The theoretical concepts of ‘set points’ and ‘individual euthyroidism’ have been thought to be supported by the finding that the intra-individual variation in TFTs is less than the interindividual variation (1, 8). But though in the presence of a set point, the finding of a lesser intra-individual than inter-individual range implies that the usual values of an individual cannot reliably be predicted from a population range (89), the converse does not necessarily apply, i.e., the presence of lesser intra- than inter-individual variation and the inability to predict the usual values of an individual by reference to the population range do not imply the presence of a set point. The finding of a lesser individual range of variation as compared with the population range is seen with other parameters not believed to be subject to set point physiology (9093). Furthermore, study of the population FT4/TSH distribution has provided evidence against the existence of thyroid hormone set points (42). Similar studies of other parameters have likewise indicated that set points might not exist at all (94, 95). The stability of any parameters, including individuals’ thyroid hormone levels merely indicates stable equilibrium points which are not necessarily set points (42, 96).

It is true that with primary changes to thyroid hormone levels there are greater changes to the associated TSH levels, i.e., TSH levels are more sensitive to a primary change in thyroid function than are thyroid hormone levels (11, 12). However, the combination of this relationship with the flawed concept that each individual has a set point for thyroid hormones so as to conclude that TSH levels are sensitive indicators of any perturbation from the set point and thereby sensitive indicators of a dysthyroid state (12) only perpetuates an error.

The sensitivity of TSH levels to a primary change in thyroid hormones does not necessarily enable the detection of a dysthyroid state. The evidence against the presence of a set point, and the distribution of pathology within the normal population range imply that it may be for example that an older individual with longstanding, stable, high normal thyroid hormone levels becomes ‘more euthyroid’ if levels drop into the middle or even lower part of the population range, even if this change is associated with a substantial rise in the TSH levels.

And again, this relationship of a parameter having a more sensitive controlling hormone is seen with other parameters e.g., haemoglobin and calcium (97, 98), but this provides no rationale to prefer the use of erythropoietin or parathyroid hormone levels for the assessment as to the presence of anaemia or hypercalcemia. Controlling hormone levels are generally used to determine the cause of any abnormality rather than to detect/define the abnormality (99).

There are in fact physiological reasons why TSH levels might not be congruent with the thyroid state of peripheral tissues. There are differences in deiodinase (87) and ubiquitinase activities (82) centrally and peripherally affecting individual cell response to ambient levels of thyroid hormones in the untreated and treated (82) state.

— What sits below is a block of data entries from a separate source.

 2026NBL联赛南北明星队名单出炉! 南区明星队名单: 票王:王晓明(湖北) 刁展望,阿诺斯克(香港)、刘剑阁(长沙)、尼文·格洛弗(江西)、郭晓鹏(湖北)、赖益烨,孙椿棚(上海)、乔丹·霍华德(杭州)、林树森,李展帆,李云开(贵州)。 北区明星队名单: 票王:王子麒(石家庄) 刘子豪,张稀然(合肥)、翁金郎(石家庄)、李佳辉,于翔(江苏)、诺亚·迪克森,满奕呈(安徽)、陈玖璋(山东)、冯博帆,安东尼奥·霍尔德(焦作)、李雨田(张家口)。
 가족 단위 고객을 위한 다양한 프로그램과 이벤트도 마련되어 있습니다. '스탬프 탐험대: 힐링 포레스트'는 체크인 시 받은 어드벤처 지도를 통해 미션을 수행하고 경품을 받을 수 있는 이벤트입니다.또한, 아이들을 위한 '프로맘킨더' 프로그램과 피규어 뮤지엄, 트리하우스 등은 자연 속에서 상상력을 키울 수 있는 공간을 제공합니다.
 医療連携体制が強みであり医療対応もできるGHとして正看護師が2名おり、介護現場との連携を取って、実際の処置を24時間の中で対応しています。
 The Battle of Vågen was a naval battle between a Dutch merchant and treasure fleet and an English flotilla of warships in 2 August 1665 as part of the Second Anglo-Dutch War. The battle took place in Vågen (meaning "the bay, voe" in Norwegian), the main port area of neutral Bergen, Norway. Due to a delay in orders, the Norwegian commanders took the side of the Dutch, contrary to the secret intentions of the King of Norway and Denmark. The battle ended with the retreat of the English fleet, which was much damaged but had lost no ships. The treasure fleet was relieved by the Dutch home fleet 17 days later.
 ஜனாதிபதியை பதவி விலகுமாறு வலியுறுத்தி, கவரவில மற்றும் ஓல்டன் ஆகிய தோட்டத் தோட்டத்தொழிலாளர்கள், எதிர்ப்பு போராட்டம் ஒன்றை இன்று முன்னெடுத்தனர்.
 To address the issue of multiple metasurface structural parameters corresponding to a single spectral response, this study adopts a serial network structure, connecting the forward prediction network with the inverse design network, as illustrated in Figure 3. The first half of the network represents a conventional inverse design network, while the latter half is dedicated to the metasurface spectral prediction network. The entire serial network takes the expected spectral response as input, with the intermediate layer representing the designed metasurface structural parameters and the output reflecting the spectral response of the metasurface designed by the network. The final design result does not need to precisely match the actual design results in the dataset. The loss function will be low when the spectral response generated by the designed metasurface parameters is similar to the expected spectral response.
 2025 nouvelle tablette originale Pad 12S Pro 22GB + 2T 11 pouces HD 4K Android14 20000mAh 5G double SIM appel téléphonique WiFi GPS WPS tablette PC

The TSH response is also a function of thyrotrope number (100) whereas the response of peripheral tissues is generally quantified by methods correcting for or independent of cell number (101, 102).

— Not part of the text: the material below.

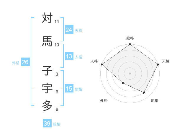 対馬 子宇多さんを姓名の画数から五運を鑑定
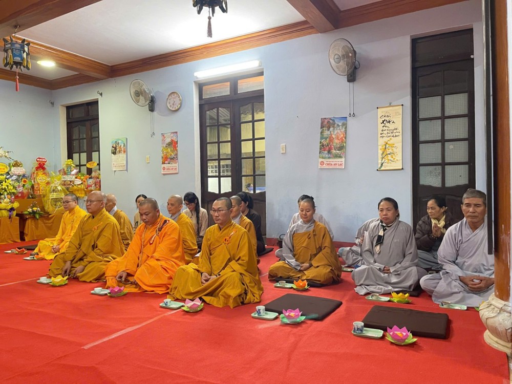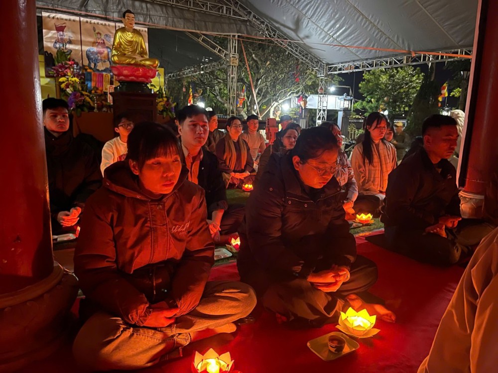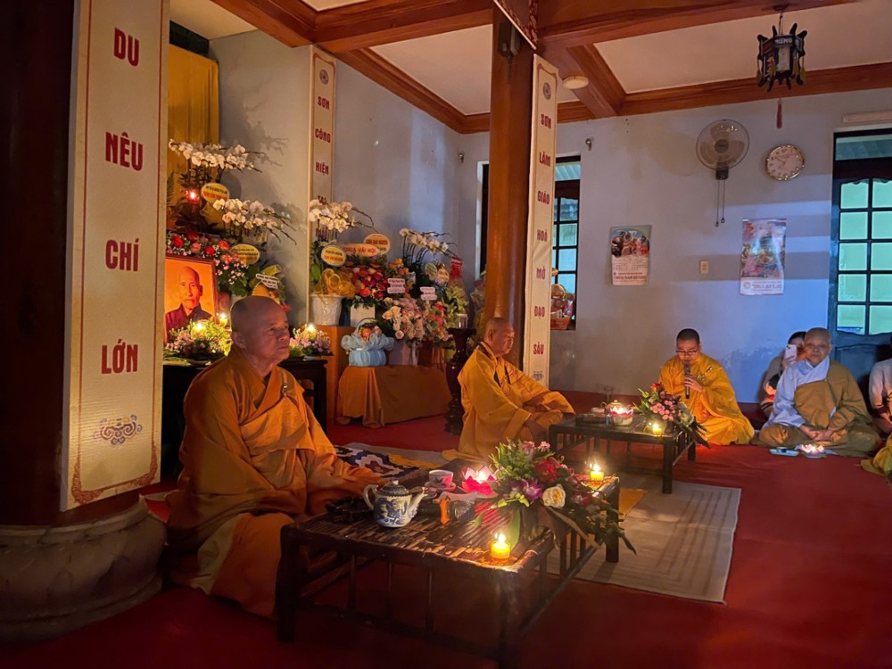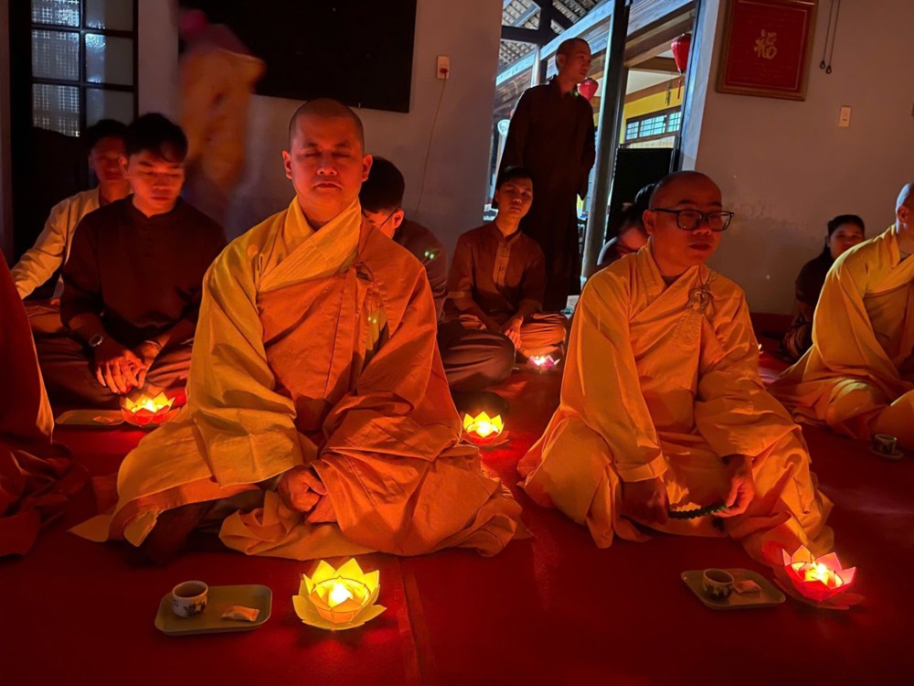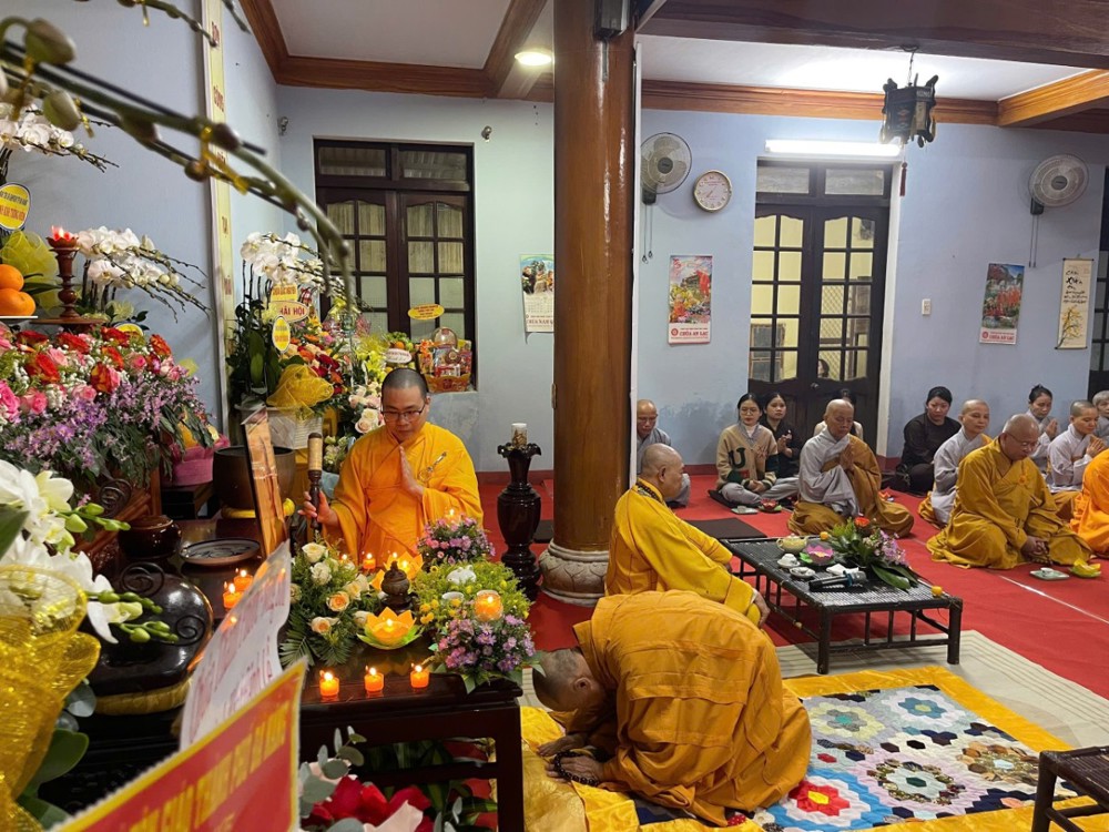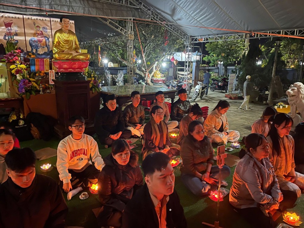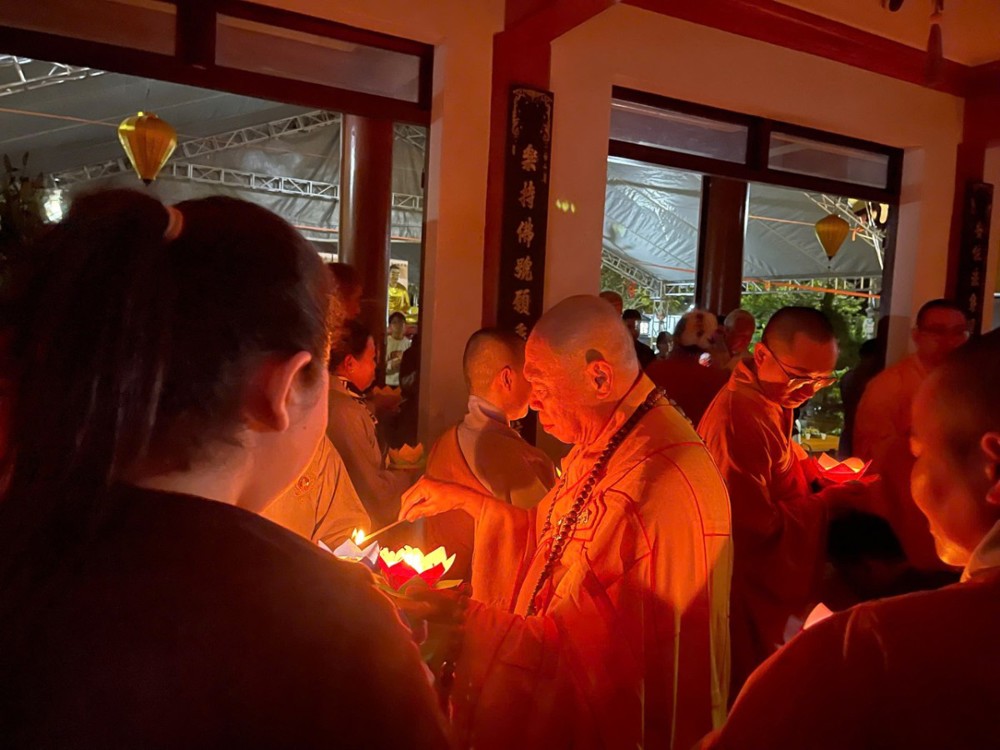 Môn đồ đệ tử cung đón Hòa thượng Thích Từ Nghiêm - Ủy viên HĐTS, Trưởng ban trị sự GHPGVN Tp. Đà Nẵng cùng chư tôn thiền Đức Tăng – Ni trụ trì và đạo tràng phật tử chùa An Lac, Pháp Hội, Tp. Đà Nẵng đồng về tham dự đêm đốt nến tưởng niệm.

In summary, as well as being inconsistent with empiric data, the theoretical rationale used to support the use of TSH levels for the assessment of the thyroid state may be internally flawed.

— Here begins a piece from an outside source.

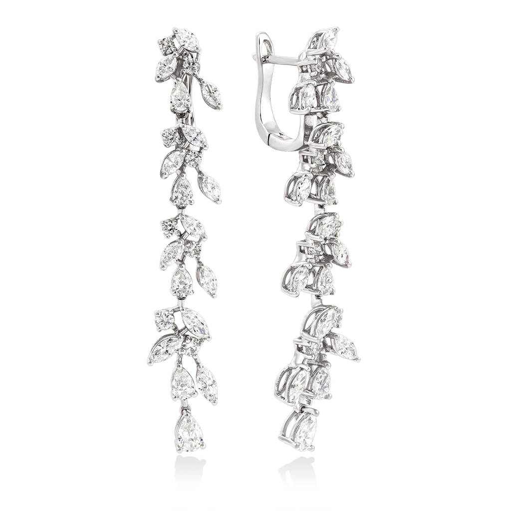 Великолепные нарядные серьги из белого золота с бриллиантами украсят Ваш праздничный образ и привлекут внимание окружающих. Серьги на английском замке с фигурным подвесным элементом щедро украшены бриллиантами разного размера круглой и фантазийной огранок. Такое сочетание камней придает серьгам свою неповторимую форму и особенный блеск. Английский замок как нельзя лучше подходит для такой модели, он надежно держит серьги и обеспечивает комфортную посадку.
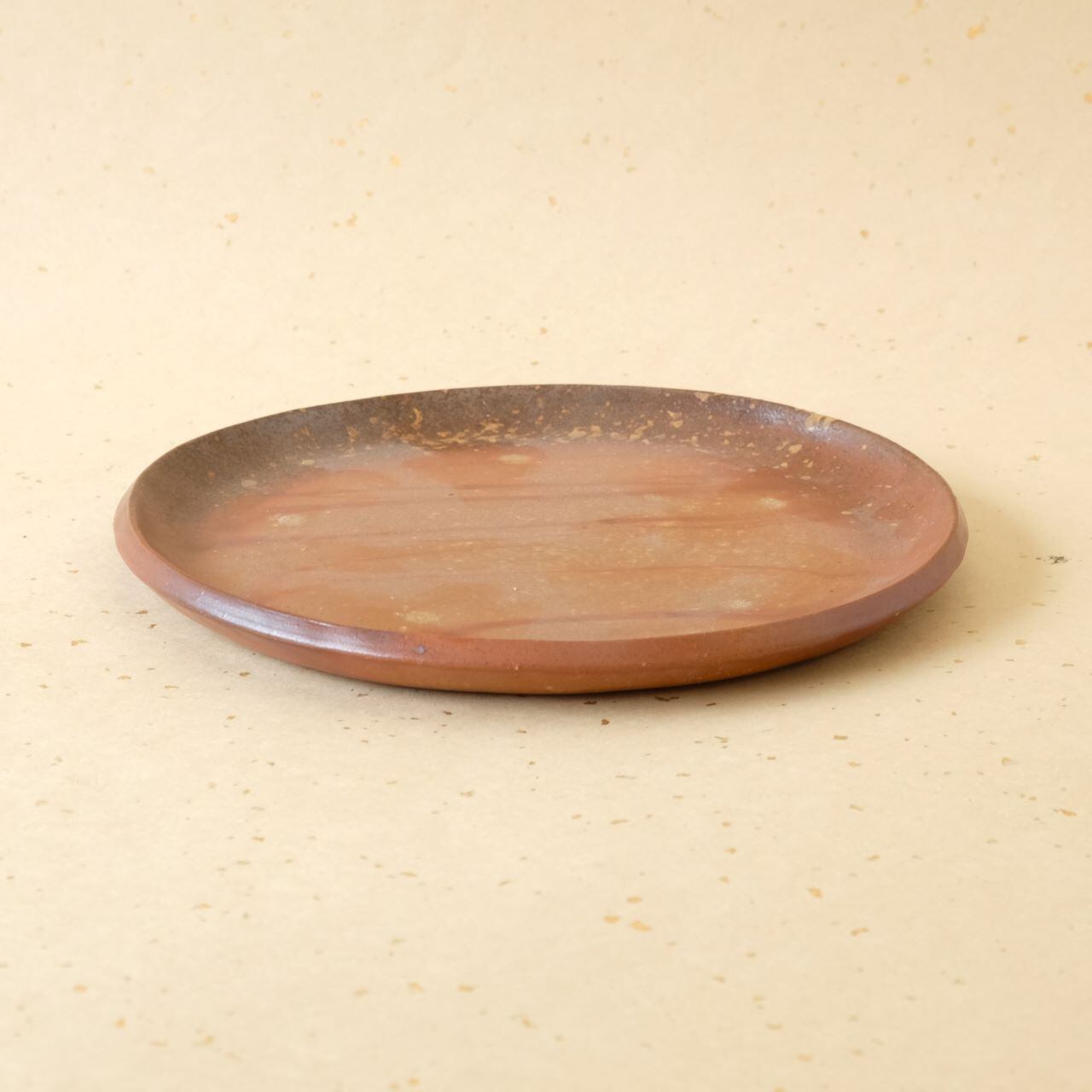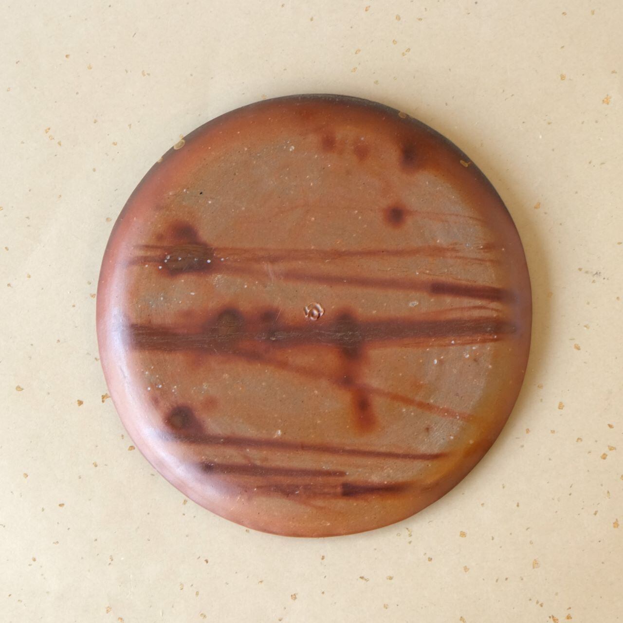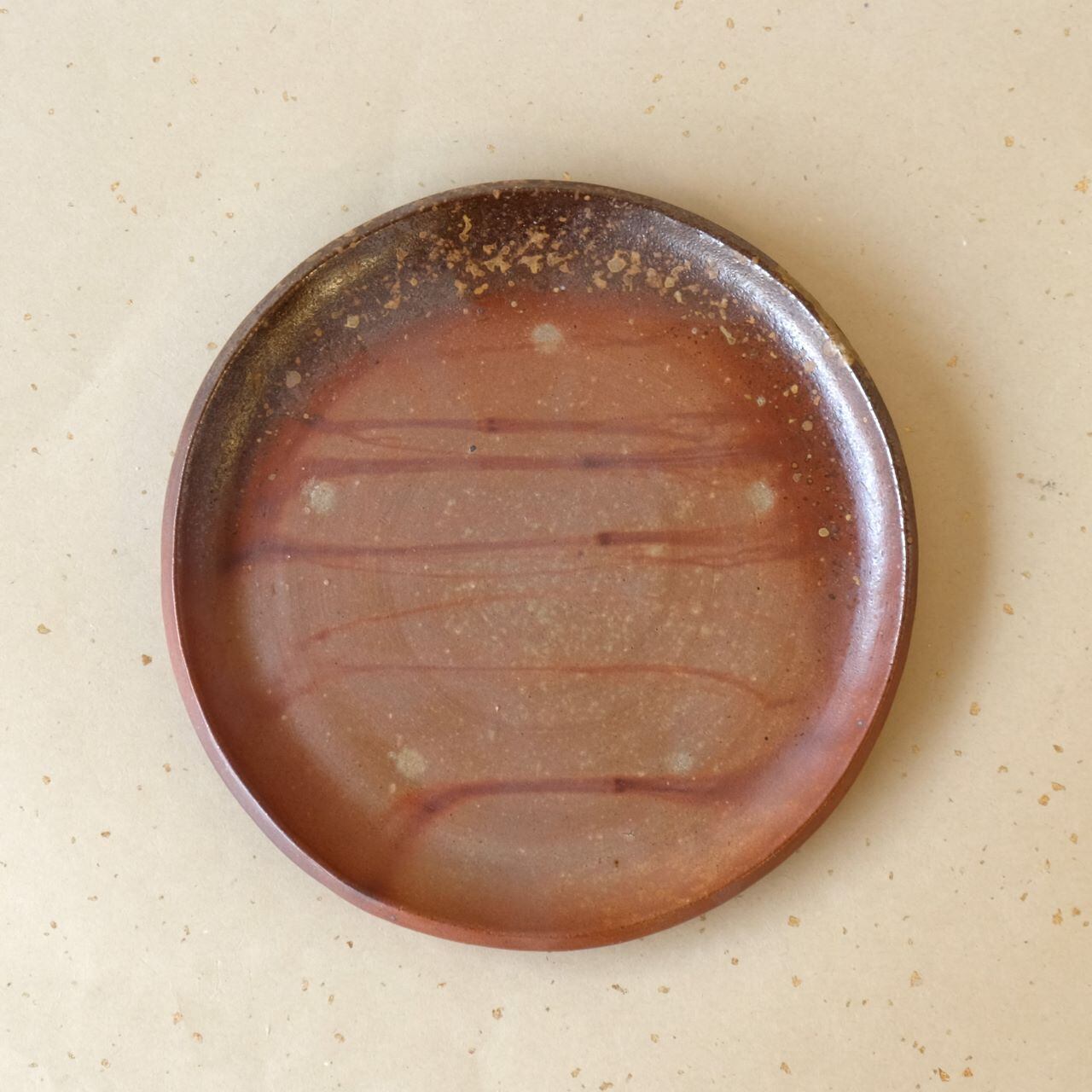 シンプルな丸形のお皿です。縁を軽く曲げているので汁気のあるものでも盛り付けることができます。ワラを載せていた部分が赤く発色し、景色となっています。

Methods of assessing euthyroidism on the basis of paired FT4 and TSH levels have been proposed (3, 103). This move against the emphasis on TSH levels alone, pre-dated the work indicating the superior associations of FT4 levels, as compared with TSH levels, with clinical parameters. The underlying rationale has been based on physiological principles of the appropriate secretion of TSH, leading to the description of the physiological response curves of the FT4/TSH feedback loop, the thyroid and pituitary response curves. The subsequent conclusion was to accept as euthyroid any pair of FT4/TSH values that lies within the normal ranges of the response curves. However, it does not necessarily follow that thyroid and pituitary response curves that in themselves are normal will necessarily generate euthyroid values of thyroid hormones- i.e., a dysthyroid level of FT4 may be generated by a combination of factors neither of which in isolation is definitely abnormal. Furthermore, there are no empiric data supporting this definition of euthyroidism. It has been suggested (3) that individual euthyroidism defined by this method, i.e., ‘the two-dimensional location of the individual equilibrium point (setpoint)….would be the ideal target for dosing algorithms,…’ for replacement therapy. But as previously discussed the evidence indicates that there are no set points for thyroid function (unless set points are defined identically to balance points), and that there is no reason to regard individuals’ usual values of TFTs as particularly ideal or as representing a guide to replacement therapy.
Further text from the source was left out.